A study has found that photovoltaic (PV) fields are more effective than afforestation in mitigating global climate change. While forests sequester carbon to mitigate climate change, PV energy reduces reliance on fossil fuels. However, both approaches increase the global heat load due to their darker land surfaces, which absorb more heat.
Investigating the Efficiency of PV Fields and Afforestation
Rafael Stern, Jonathan Muller, and colleagues investigated which land use—trees or solar panels—more quickly offsets the increased heat they produce due to surface darkening. The authors measured surface albedo at a solar field in a hyper-arid region in the Arava valley in Israel.
Afforestation data was measured at a research station at the Yatir forest at the northern edge of the Negev desert. The authors used this data to calculate the break-even time required to balance the positive radiative forcing due to reduced albedo and negative radiative forcing due to carbon emission suppression of PV power generation or carbon sequestration by forests.
Results and Implications
In semiarid land, photovoltaic fields break even and begin offering climate change mitigation benefits after about 2.5 years, which is more than fifty times faster than afforestation.

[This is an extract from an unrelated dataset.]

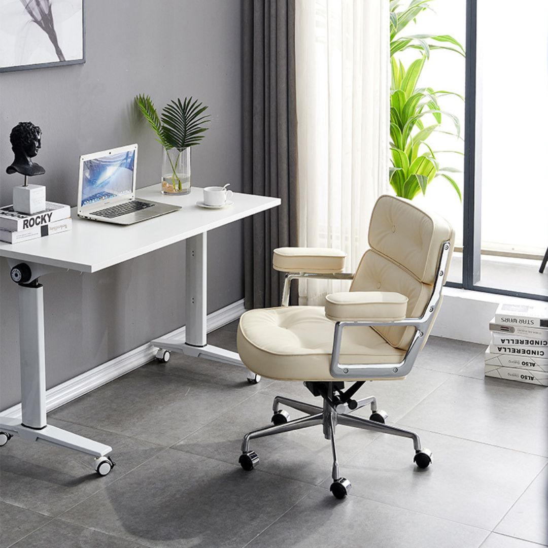 Về mặt thẩm mỹ, ghế phòng sách bằng da sở hữu kiểu dáng hiện đại, tinh giản nhưng vẫn toát lên vẻ sang trọng. Ghế dễ dàng kết hợp với nhiều phong cách nội thất khác nhau, từ phòng sách cổ điển đến không gian hiện đại, tối giản. Sự hiện diện của ghế phòng sách bằng da giúp không gian trở nên gọn gàng, chuyên nghiệp và có chiều sâu hơn.

In humid lands, the gap is not so wide, but solar panels continue to have the advantage.
The authors note that forests provide many benefits beyond climate change mitigation, including ecosystem, climate regulation, and social services.
Reference: “Photovoltaic fields largely outperform afforestation efficiency in global climate change mitigation strategies” by Rafael Stern, Jonathan D Muller, Eyal Rotenberg, Madi Amer, Lior Segev and Dan Yakir, 21 November 2023, PNAS Nexus.